This has been an amazing read. My Kindle told me I had over a hundred highlights and annotations, but even by the first five chapters, I knew there would be no way for me to do Zero Ri$k justice in a single, simply little review. A fantastic and well-written debut novel from Simon Hayes, engrossing and dark, this has certainly been a gripping novel that kept me up at night. If you enjoy detailed scenes and characters, escape-room-worthy riddles, and a good financial and cyber-thriller, Zero Ri$k is one I'd recommend. You'll fall in and climb out only when the noon sun pokes for the midnight moon to wake.

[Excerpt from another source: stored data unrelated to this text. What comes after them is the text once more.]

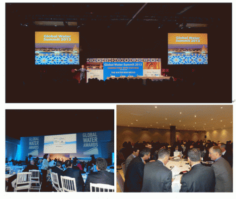 展示ブースでは最新の調査レポート「Water for Power(9月末発行予定)」をはじめ、3年に一度発行される主要73か国の最新トレンドを各セクター別にまとめたベストセラーレポート「Global Water Market 2014」、世界で1,300の発行部数を誇る水ビジネスのパイオニア誌「Global Water Intelligence」などの展示/詳細レポーティング他、毎年ヨーロッパで開催する同社が持つ世界の水メジャーのキーパーソンを招待し500人のビジネスリーダーたちがビジネスネットワーキング、情報収集のために参加する年に一度のGWI主催祭典、Global Water Summitの様子をディスプレーで紹介しております。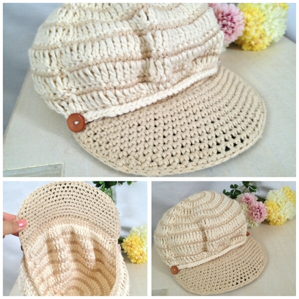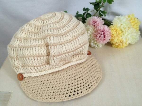 ◆西松屋◆薄手のつば付きコットンニット帽◆48cm◆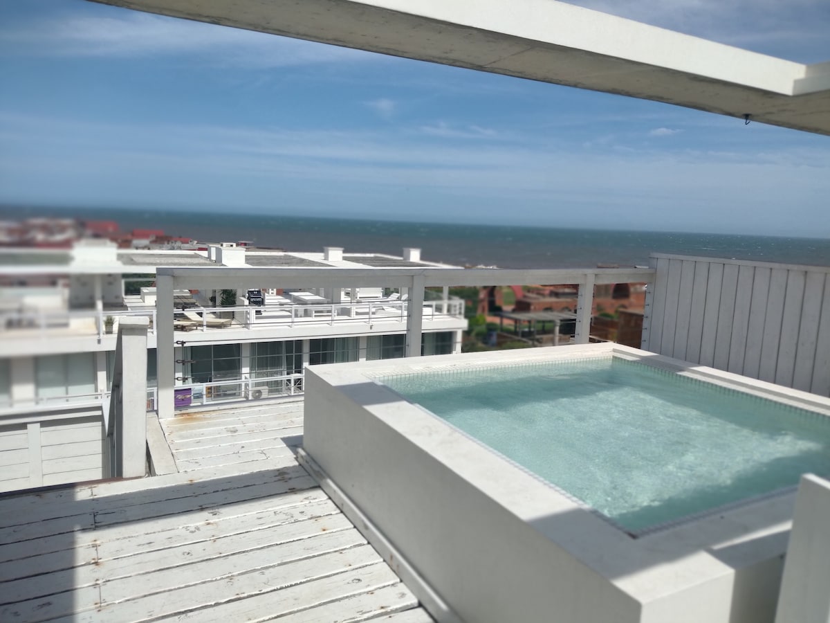 Piscina interior habilitada! Apartamento moderno, de lujo cómodo y completo, ideal para todo el año, a metros del Casino Conrad para disfrutar a pleno a 1 cuadra de la playa mansa. Con 2 dormitorios, 2 baños y toilette. Ventanales con vista al mar, terraza con jacuzzi propio. Este apartamento ofrece todos los servicios para que se sienta como en un hotel 5 estrellas (piscina climatizada, abierta, jacuzzi, sauna, gimnasio, canchas, playroom, barbacoa) servicio mucama y playa a diario.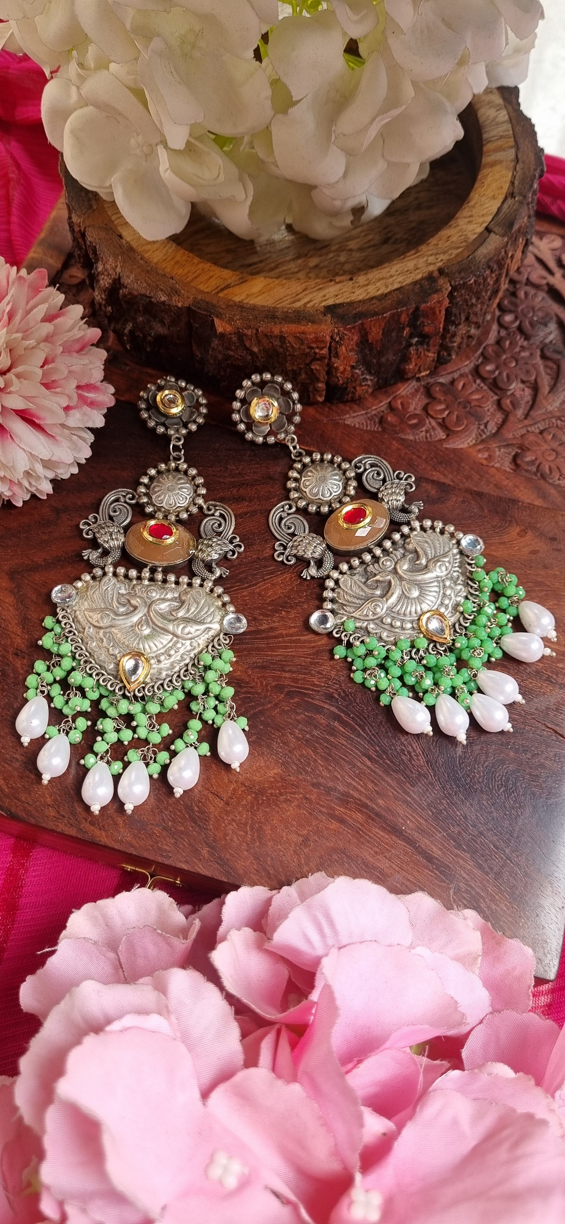 All our jewellery pieces are made in pure brass and oxidised mentioned in product description using materials like high quality monalisha stone, crystal beads ,real glass, original pachi kundan.
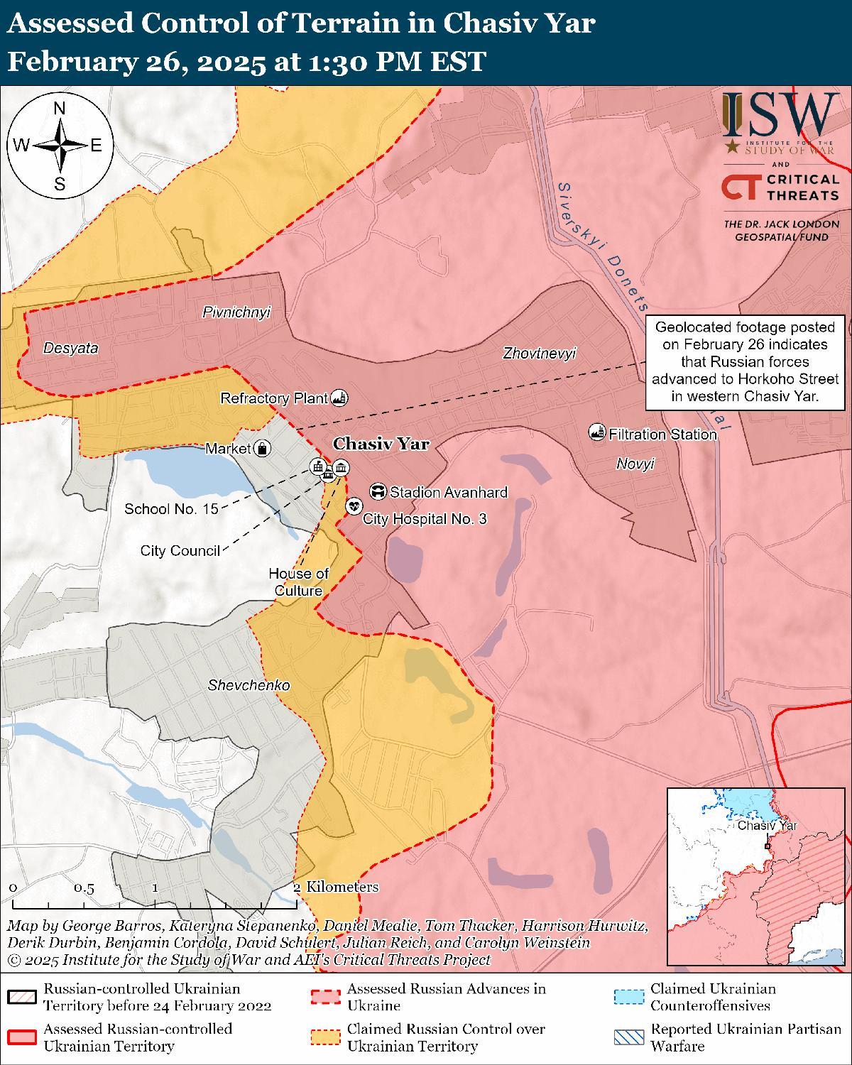 Оценка российского продвижения: Геолоцированные кадры, опубликованные 26 февраля, указывают на то, что российские войска недавно продвинулись вдоль улицы Горького в западной части Часова Яра. [39]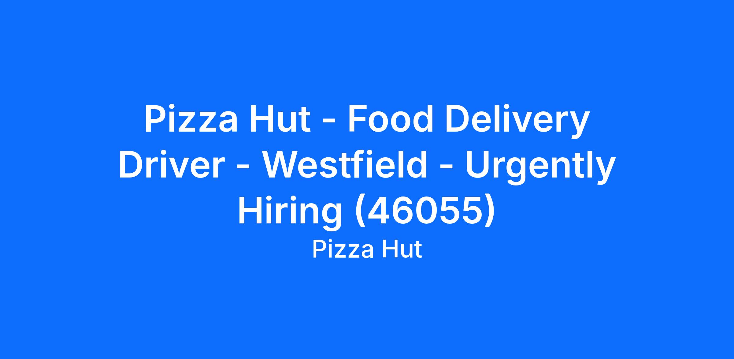 Pizza Hut - Food Delivery Driver - Westfield - Urgently Hiring (46055)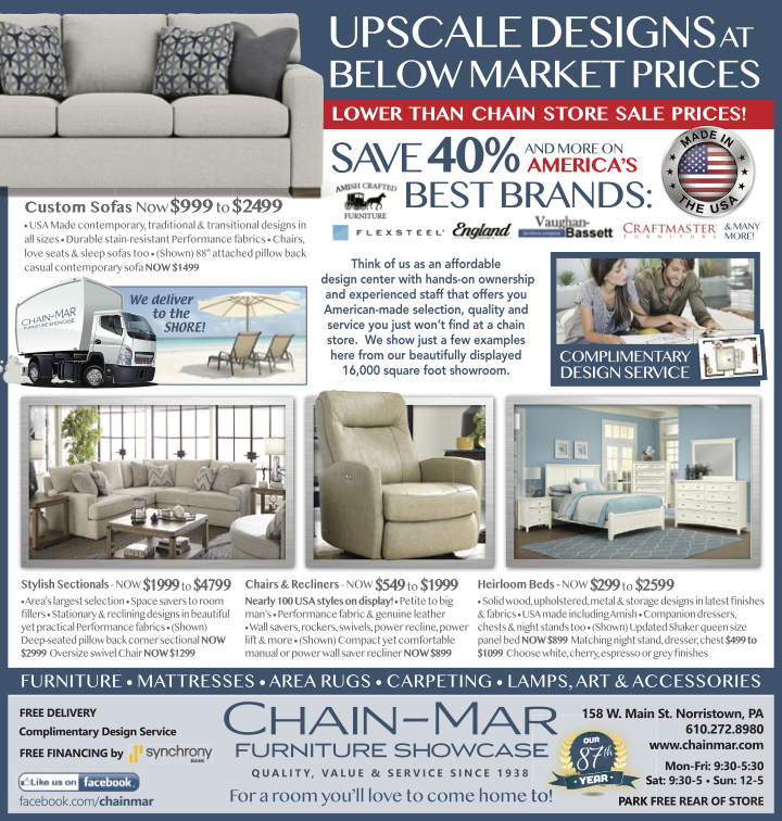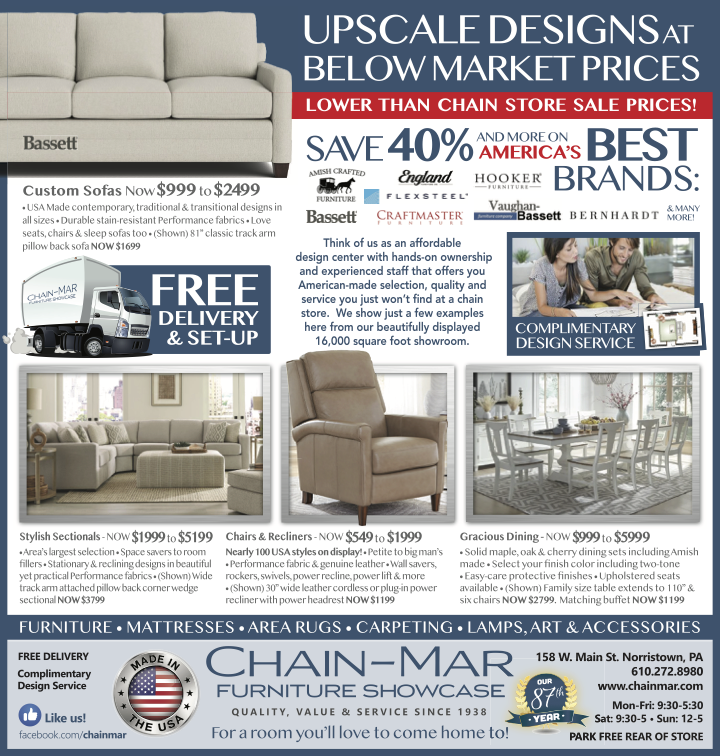 Since 1938 Chain-Mar Furniture Showcase has served the Delaware Valley with an old school, full service approach to selling affordably priced quality home furnishings. We offer a truly unique experience compared to the big box chain stores. We're friendly, knowledgeable and helpful. We provide free professional room planning and custom ordering as well as free delivery and in-room set up. Simply put, you'll love the way we do business! Visit our beautifully appointed 16,000 square foot showroom to see how we can help make your home a beautiful place you'll love to come home to.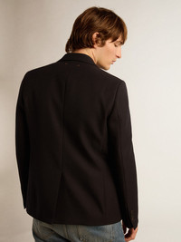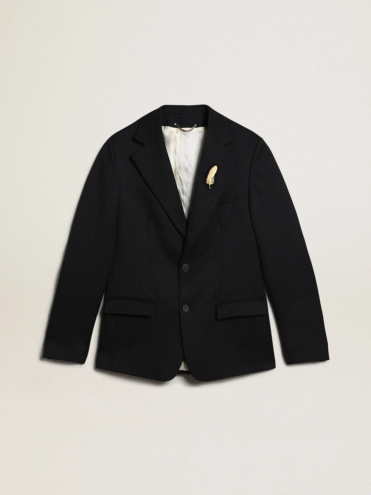 A unique, timeless collection that encapsulates the Golden Goose DNA, designed to remain with you every day, through thick and thin, come rain or shine. In dark blue wool gabardine, this slim-fit single-breasted men’s blazer features three front pockets. The detachable white patch with a finely embroidered letter G in red adds the finishing touch. DETAILS Item No. GMP00855.P000619.50486 - Golden Collection - Color: dark blue - Double gold star on the back - Single-breasted style - Slim fit - Three front pockets - Button fastening - Main material: 66% polyester, 34% virgin wool - Undercollar: 100% polyester - Lining: 64% viscose, 36% cupro - Sleeve lining: 52% viscose, 48% acetate - Made in Italy The model is 183 cm tall and is wearing a size M.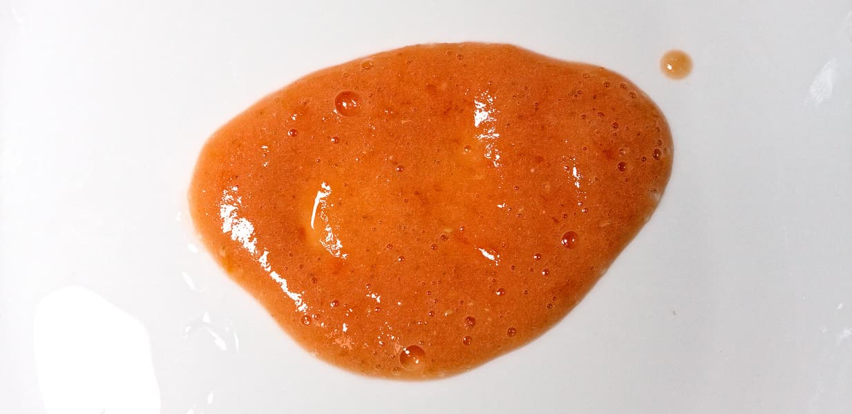 В итоге мы получили полностью однородную томатную смесь без заметного вкрапления неперемолотых частиц кожуры и семечек.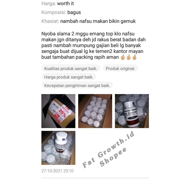 Penggemuk Badan Fat Growth terbukti ampuh menambah berat badan isi 75 kapsul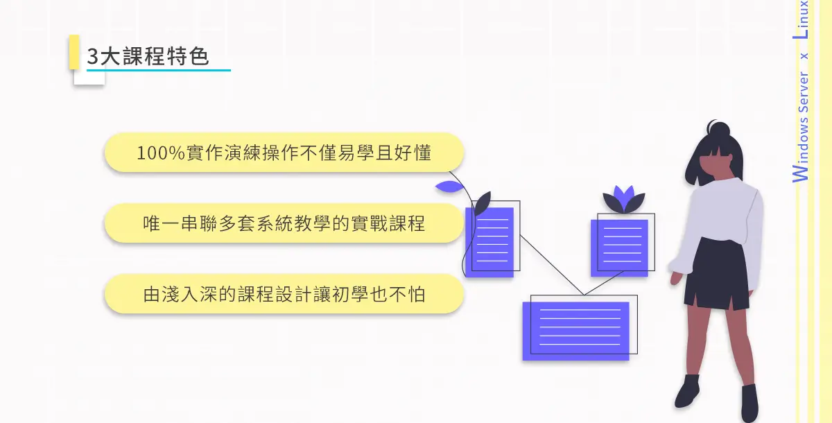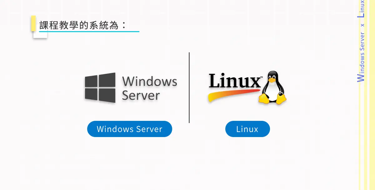 課堂上,教學Windows Server與Linux,有十大課程目標,包含: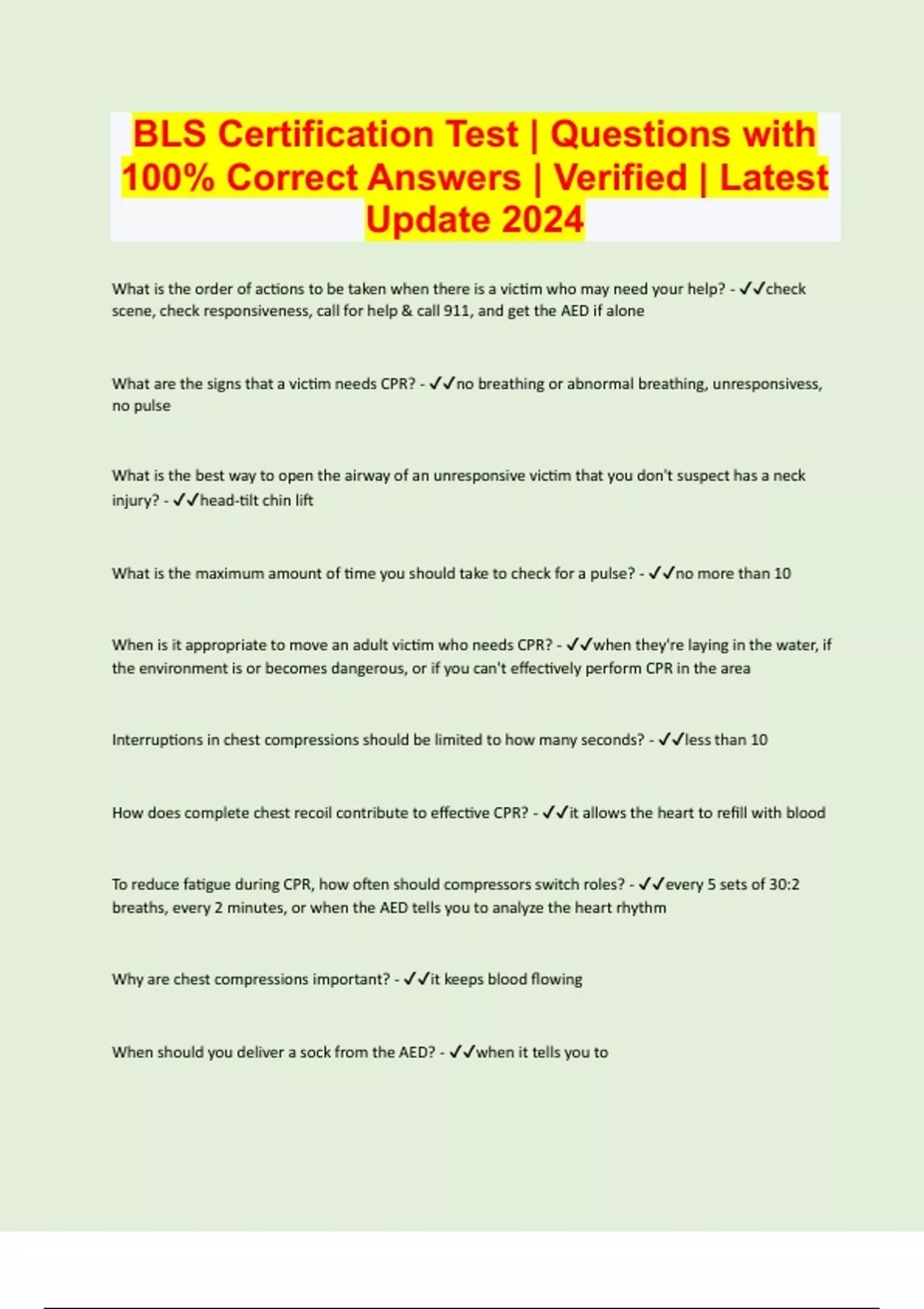 BLS Certification Test | Questions with 100% Correct Answers | Verified | Latest Update 2024

Simon Hayes is an award-winning former headhunter and investment banker. His finance career took him from his home city London, where he was a top-ranked securities analyst in the Institutional Investor and Extel surveys, to the US, Hong Kong and Japan. Search led Simon back to Tokyo, where he was recognised as the "Best Headhunting Executive" in Japan by Asiamoney then, as head of a leading London-based Financial Services practice, into the City's most exclusive boardrooms. He wrote Zero Risk, his first novel, whilst creating the rubriqs people skills system, and he spent much of 2023 in Zimbabwe on a major fraud case. Born and raised in West London, Simon was the first member of his family to attend university, graduating from Trinity Hall, Cambridge with a degree in Law.